In your test, use whatever means you need in order to trigger the sending of the email by your application. Once the email is sent, use a regular expression to find the URL from the link within the email body (note this will work only for an email that contains a single link), and then visit the path from that URL with Capybara to continue with your test:
path_regex = /(?:"https?\:\/\/.*?)(\/.*?)(?:")/
email = ActionMailer::Base.deliveries.last
path = email.body.match(path_regex)[1]
visit(path)
Regular expression explained
A regular expression (regex) itself is demarcated by forward slashes, and this regex in particular consists of three groups, each demarcated by pairs of parentheses. The first and third groups both begin with ?:
, indicating that they are non-capturing groups, while the second is a capturing group (no ?:
). I will explain the significance of this distinction below.

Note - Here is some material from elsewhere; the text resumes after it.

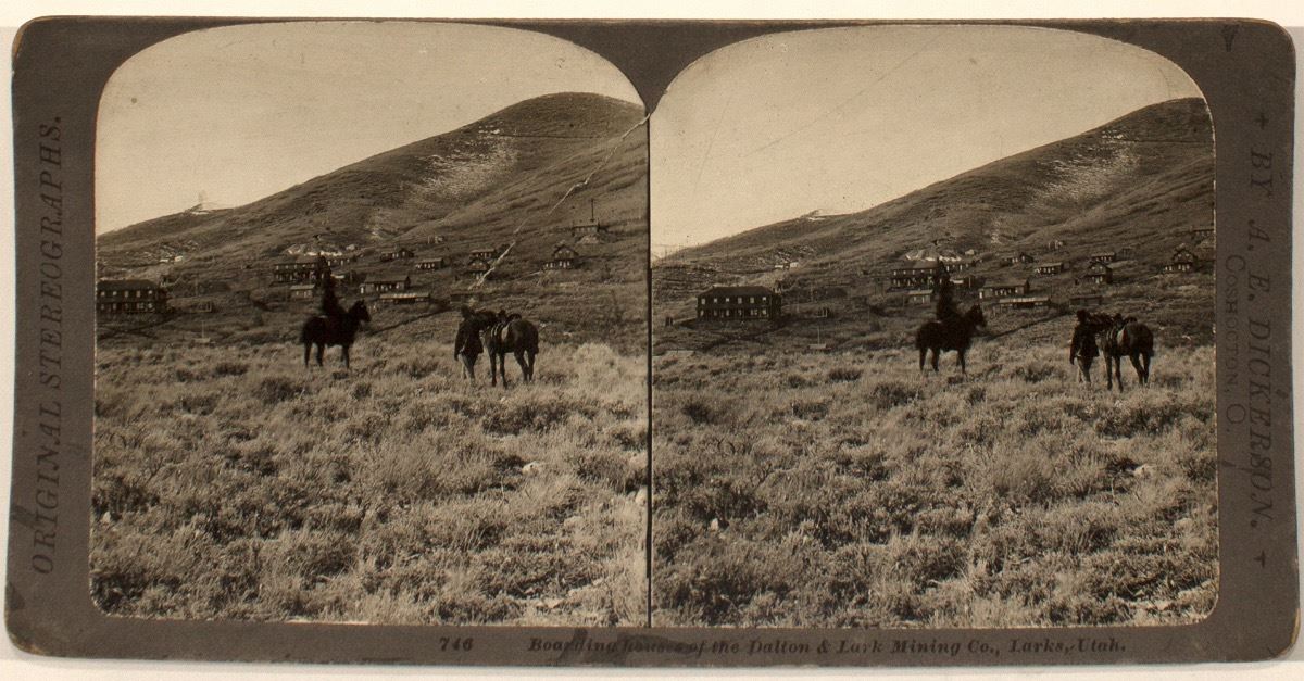 Rare view! No 746. Boarding Houses of the Dalton & Lark Mining Co., Larks, Utah. Published by A.E. Dickerson, Coshocton, Ohio. View of two men on horseback with houses and mine on hill in background. Crease/rip going through left panel. Dickerson was active from the late 1880s to about 1910. The Dalton & Lark Mining Co. was a consolidation of 16 claims completed in 1895. The company became part of Bingham Mines Co. in Bingham Canyon, Salt Lake County. Lands are circa 500 acres, including the Dalton & Lark and Commercial mines, on the west side of Bingham Canyon, and the Mascotte mine, these being the principal properties…. The Dalton & Lark mine, area 240 acres, has shafts of 850’ and 1150,’ with 4 tunnels…extraction being exclusively by tunnel. The Dalton & Lark vein on the 11th level averages about 6’ width, carrying about 2% copper, 6 oz. silver and $1.50 gold per ton…The lead ores of the Dalton & Lark are richer than the copper ores, as a rule. The mine is claimed to have about 250,000 tons of medium grade and 500,000 tons of low grade ore in sight. The Mascotte mine, area 160 acres, has the Mascotte tunnel of circa 7,000’ length, which drains the Dalton & Lark…providing extraction only. The D & L was dissolved by order of court in 1911. [Ref: Copper Hndbk, 1908, pp.372-3; 1918, p. 78]. (Prag Collection) City: Larks State: Utah Date: c. late 1890s hwac# 27139

The first group, (?:"https?\:\/\/.*?)
, is a:
- non-capturing group,
?:
- that matches a single double quote,
"
- we match a quote since we anticipate the URL to be in the
href="..."
attribute of a link tag
- followed by the string
http
- optionally followed by a lowercase s,
s?
- the question mark makes the preceding match, in this case
s
, optional
- followed by a colon and two forward slashes,
\:\/\/
- note the backslashes, which are used to escape characters that otherwise have a special meaning in a regex
- followed by a wildcard,
.*?
, which will match any character any number of times up until the next match in the regex is reached
- the period, or wildcard, matches any character
- the asterisk,
*
, repeats the preceding match up to an unlimited number of times, depending on the successive match that follows
- the question mark makes this a lazy match, meaning the wildcard will match as few characters as possible while still allowing the next match in the regex to be satisfied
The second group, (\/.*?)
is a capturing group that:
- matches a single forward slash,
\/
- this will match the first forward slash after the host portion of the URL (e.g. the slash at the end of
http://www.example.com/
) since the slashes in http://
were already matched by the first group
- followed by another lazy wildcard,
.*?
The third group, (?:")
, is:
- another non-capturing group,
?:
- that matches a single double quote,
"
And thus, our second group will match the portion of the URL starting with the forward slash after the host and going up to, but not including, the double quote at the end of our href="..."
.
When we call the match
method using our regex, it returns an instance of MatchData
, which behaves much like an array. The element at index 0
is a string containing the entire matched string (from all of the groups in the regex), while elements at subsequent indices contain only the portions of the string matched by the regex's capturing groups (only our second group, in this case). Thus, to get the corresponding match of our second group—which is the path we want to visit using Capybara—we grab the element at index 1
.